The seemingly everlasting delay in supply chains has affected businesses across the globe. IKEA has started to experience disruptions to its retail product line as it struggles to acquire goods for its stores in North America.
The US-based stores have been hit hard by the shortage as IKEA sources the majority of its product offerings in Europe. As a result—and to alleviate customer dissatisfaction, the firm has decided to remove some products from its range.
While the majority of its products are manufactured in Europe, Jon Abrahamsson, Chief Executive Officer of Inter IKEA says the biggest challenge is getting goods from China, resulting in the company taking several measures to reduce impact to consumers.

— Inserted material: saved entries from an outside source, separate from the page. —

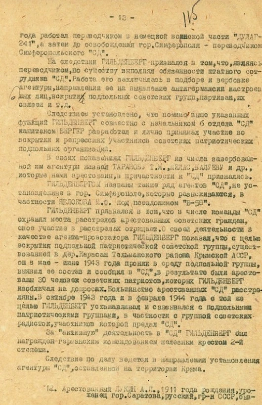 — Гильденберг А., переводчик, виновный в гибели 30 подпольщиков.
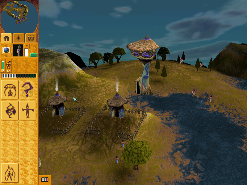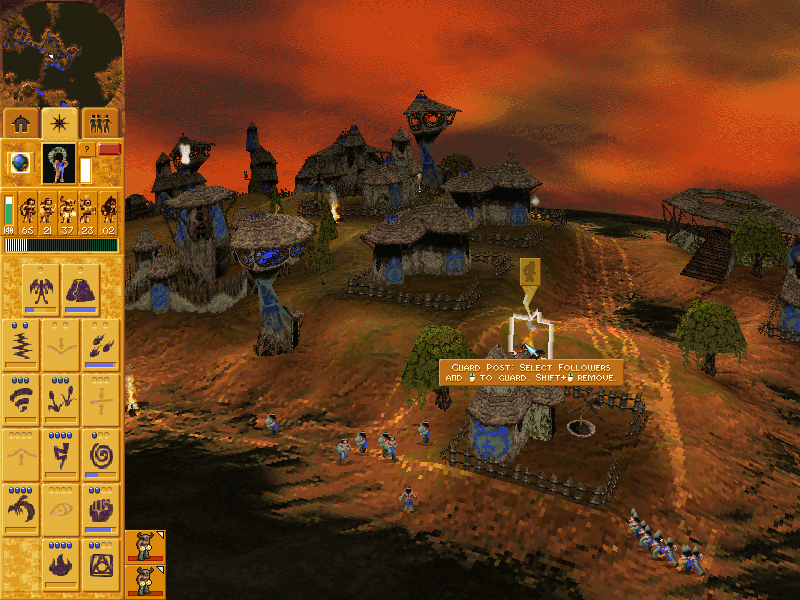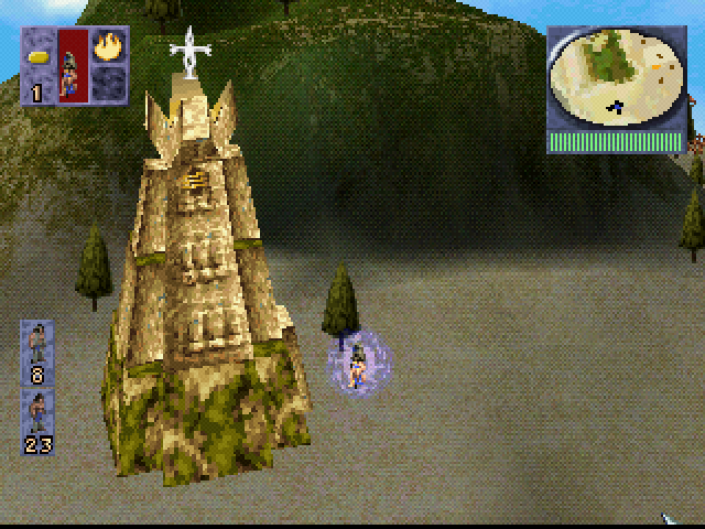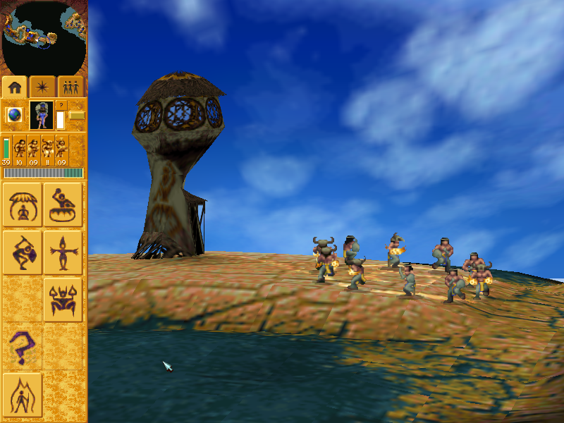 But on the highest settings, The Beginning is still compelling despite its age, popping with (questionable) personality. Bullfrog pulled no punches with this effort, and it shows: a smooth-rolling, curved-perspective globe takes advantage of the contemporary prowess of Direct3D (built on a souped-up Magic Carpet engine), special powers rip up and warp the landscape in never-before-seen detail, and a handful of highly-produced New Age tracks—peppered liberally with random wails and distant war-whoops—coo ominously to wind-swept wooden flutes throughout. Perhaps Bullfrog felt it was necessary to make a good first impression, as the game itself would throw longtime fans for a loop.
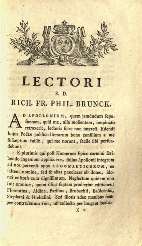Ἀπολλώνιος ὁ Ρόδιος. Apollonii Rhodii Argonautica... emendate edidit Rich. Fr. Phil. Brunk..., Στρασβοῦργο, Johann Geoffroy Bauer et Johann-George Treuttel, 21 Αὐγούστου, 1780.
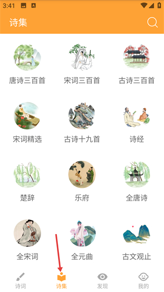 2、詩集頁,按體裁分類呈現唐詩三百首、宋詞精選等經典詩集,以國風插圖區分類別,方便按類型選擇詩詞內容。
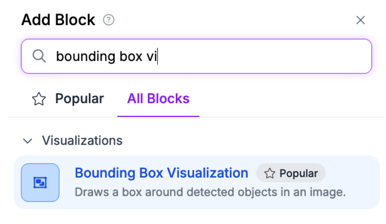 To visualize your model predictions, add a Bounding Box Visualization block:

The Chief Executive Officer of Ingka Group, Jesper Brodin, says, ‘It is re-steering and re-routing. And on the retail side, we have learned agility like never before because every day you have to work with what you have’. Brodin also says, ‘You have to find ways to solve customer needs with limitations that we have never seen before’.
Despite the impending disruption to its stores, the company had not anticipated the shortages and Brodin believe ‘it’s a perfect storm. [But] I think we are way past being surprised. This is the new normal for us. And when things stabilize we will have learned so much about agility and about sales steering’.
Success in adverse circumstances
During the supply chain adversity, Inter IKEA has reported record annual sales, due to consumers purchasing more goods for their homes during lockdowns. The subsidiary recorded the total sales from stores and e-commerce to be around US$48.7bn in the year leading up to August. E-commerce sales grew by 73% to account for 26% of total sales.
‘All over the world interest in life at home has become bigger’, Brodin says. 'There is no sign of decline in demand in any of our areas as it is right now’.